Random projections in gravitational-wave searches from compact binaries II: efficient reconstruction of the detection statistic

TL;DR

This paper introduces a block-wise randomized matrix factorization method for efficient low-rank approximation of large template matrices in gravitational wave searches, significantly reducing computational costs.

Contribution

It presents a novel block-wise randomized matrix factorization algorithm and an approximate reconstruction method for detection statistics, improving efficiency in large-scale gravitational wave data analysis.

Findings

The new scheme is more efficient within the GstLAL pipeline.

Approximate reconstruction reduces total computational cost.

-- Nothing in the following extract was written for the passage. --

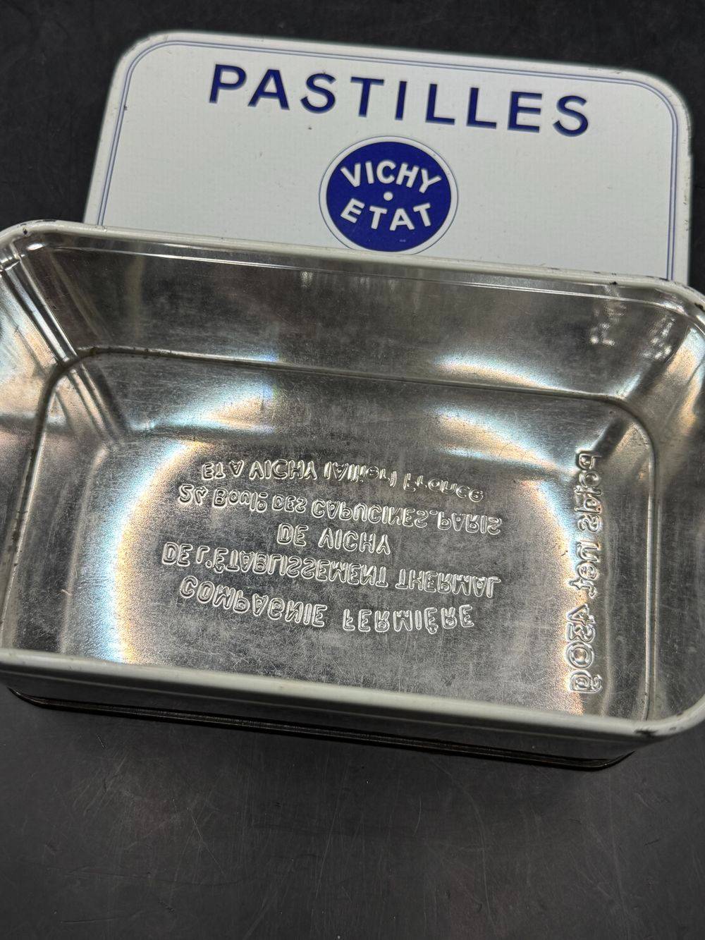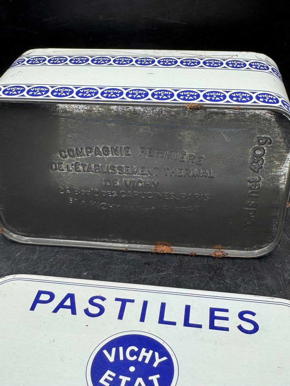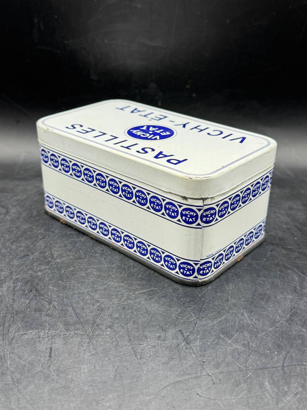 Petite et charmante boîte ancienne pastilles Vichy Etat – Blanche et bleue

Combining algorithms enables more efficient online searches.

Abstract

Low-latency gravitational wave search pipelines such as GstLAL take advantage of low-rank factorization of the template matrix via singular value decomposition (SVD). With unprecedented improvements in detector bandwidth and sensitivity in advanced-LIGO and Virgo detectors, one expects several orders of magnitude increase in the size of template banks. This poses a formidable computational challenge in factorizing huge template matrices. Previously, [in Kulkarni et al. [6]], we introduced the idea of random projection (RP)-based matrix factorization as a computationally viable alternative to SVD, applicable for large template banks. This follow-up paper demonstrates the application of a block-wise randomized matrix factorization (RMF) algorithm for computing low-rank factorizations at a preset average fractional loss of SNR. This new scheme is shown to be more efficient in the context of the LLOID framework of the GstLAL search pipeline. Further, it is well-known that for huge template banks, the total computational cost of the search is dominated by reconstructing the detection statistic compared to that of filtering the data. However, optimizing the reconstruction cost has not been addressed satisfactorily so far in the available literature. We show that it is possible to approximately reconstruct the time-series of the matched-filter detection statistic at a fraction of the total cost using the matching pursuit algorithm. Combining the two algorithms presented in this paper can handle online searches involving large template banks more efficiently. We have analyzed the total computational cost in detail and offer various tips for optimally applying the RMF scheme in different parts of the parameter space. The algorithms presented in this paper are designed in a suitable manner that can be efficiently implemented over a distributed computing architecture.